Meet our Specialists: Rehabilitation Coordinator Alex Santos
A physical therapist with a Bachelor degree received in 1994 from Santo Tomas University in the Philippines, Alex Santos obtained a Doctorate in Physical Therapy from New York University. He joined Fairview Rehab & Nursing Home in Queens about four years ago. His job involves overseeing the staffing and daily operations of the rehab department. Alex shares his thoughts on the therapies offered at Fairview.
The interview by Twinlight Studios.
What kind of orthopaedic rehabilitation therapies are provided at Fairview?
This is a 200-bed skilled nursing sub-acute facility where physical, occupational and speech therapies are provided. We offer those therapies immediately on the patient’s admission for short-term residence.

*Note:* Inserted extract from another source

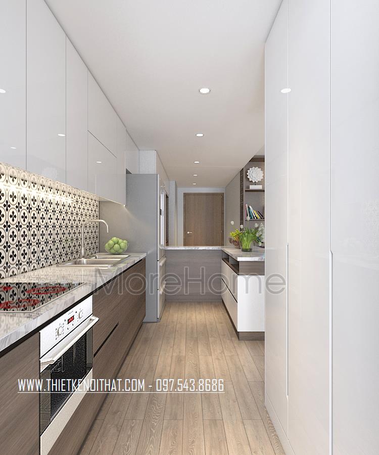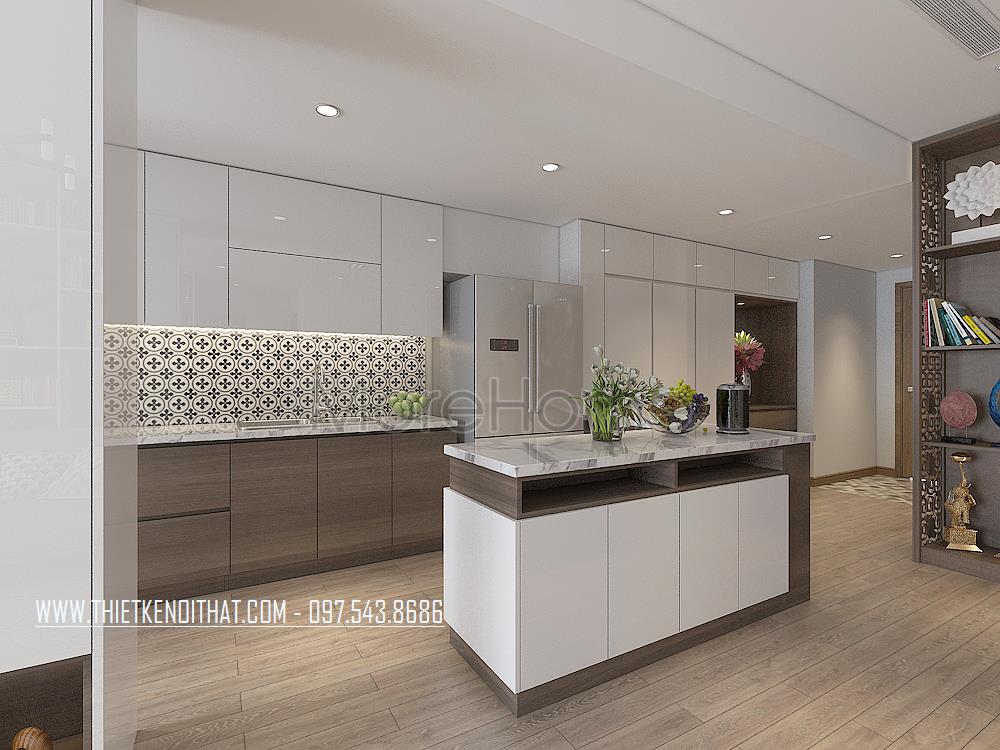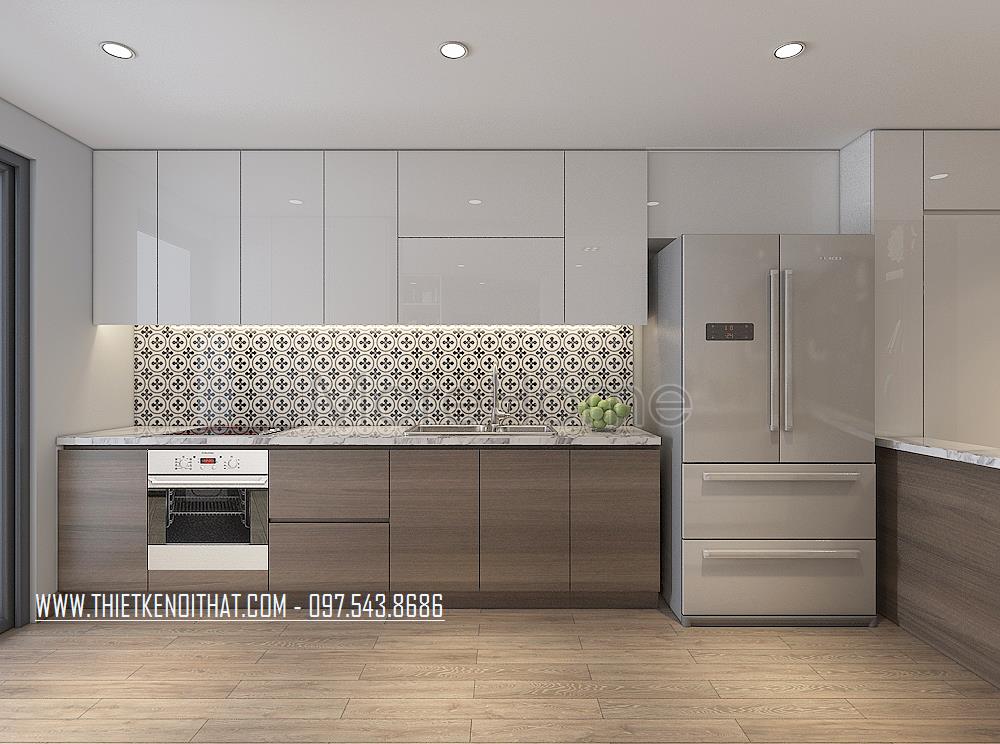 Thiết kế nội thất phòng bếp với hệ tủ chữ I độc đáo, với chất liệu gỗ công nhiệp nhẹ nhàng, các phần ngăn được phân chia đều với đầy đủ công năng. Phần mặt tủ được sửa dụng bằng đá ốp nhân tạo mang lại cho không gian bếp vô cùng sạch sẽ mà sang trọng.

We evaluate patients to see what their needs will be and provide one to one restorative therapy.
So we examine residents either in the gym or in their rooms. In addition, we collaborate with nursing staff and social services and observe dietary requirements and recreation. This is a multi-disciplinary program. We like to make sure patients are pain-free as far as possible, using the most innovative treatments and state-of-the-art equipment.

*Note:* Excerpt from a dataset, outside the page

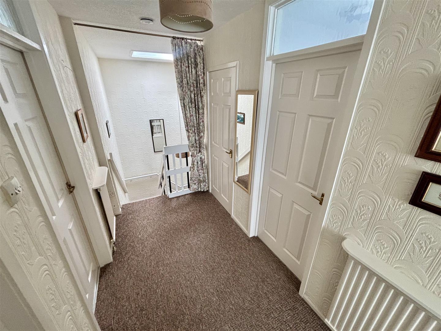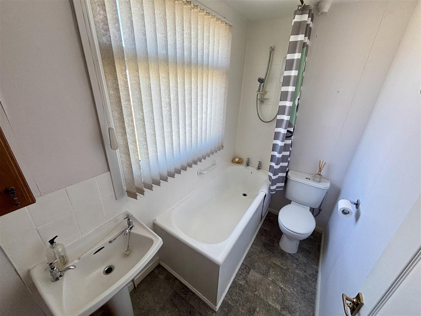 Comprising of a panelled bath with extractor over, pedestal wash basin, WC, tiled splashbacks, radiator and UPVC double glazed opaque window to the side.
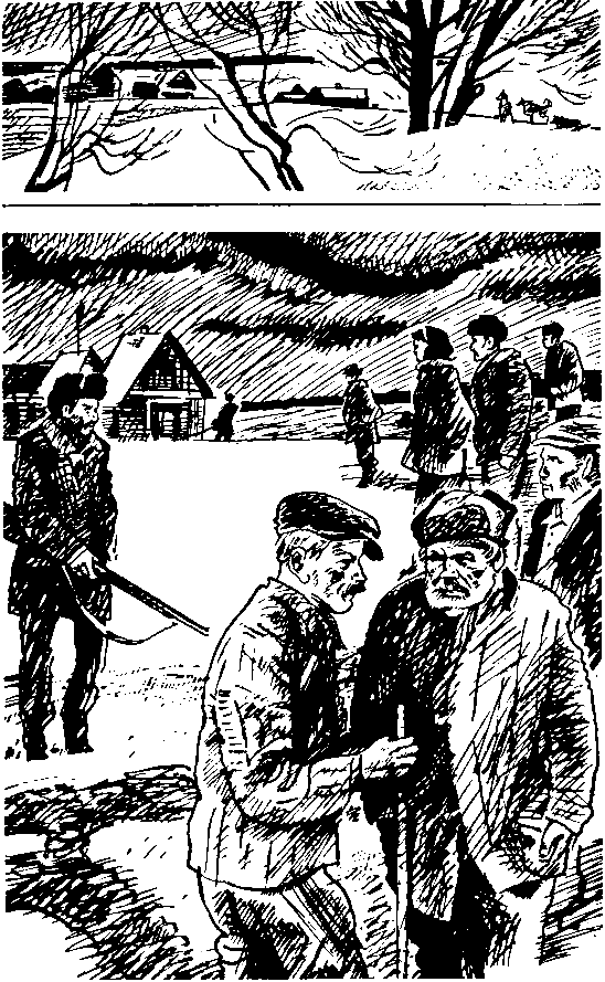 Гришук разом забоялся, остановился, пережидая, пока вся эта разношерстная компания пересечет дорогу, стал разглядывать их — бежать было никак нельзя, потому что собаки тогда непременно вслед кинутся, хотя бы из-за любопытства; да и разве убежишь от них на чисто заснеженной, только кое-где в кулижках старой полыни пажити, когда до уличных ветел триста с лишним, а то и все четыреста пустынных метров… Он сразу же узнал бежавшую чуть впереди стаи Волну — кокетливо белую, несмотря на бродяжничество, с ладной, по-собачьи умной и внимательной ко всему встречному мордой, хозяйку и праматерь всех обитателей скотомогильника; а рядом — немного позже, уже со страхом и смятеньем, с гадкой слабостью в ногах — пегого крупноголового кобеля по прозвищу Лютый, завидя которого любая домашняя собака либо зазывно и подданно скулила, егозя спиной и скашивая уши, либо поджимала хвост и опрометью бросалась к подворотне… Гришук тихо завернул и, млея от ужаса и стараясь не махать руками, пошел, не оборачиваясь, прочь от собак, сам того не замечая, все быстрее и быстрее, лишь об одном думая — только б не побежать…

Are all the therapies one-to-one?
Yes, all the therapies are one-to-one with the patient. We do not do any group treatments here.
We deal with orthopaedic therapies. Those are for residents with muscular-skeletal conditions like knee and hip replacements, back surgery and patients with broken bones. Our facility actually discharges patients earlier and arranges home-care services for them. We also deal with neurological conditions such as strokes, Parkinson’s disease and spinal cord injuries, We can also treat residents with pulmonary therapy and do cardiac rehabilitation. Our therapists are well versed in treating patients with Alzheimer’s or dementia.
Who prescribes these therapies?
We all work under the license of a physician. The attending physician will give the orders for the therapies’ evaluation. We collaborate with him and discuss treatment plans.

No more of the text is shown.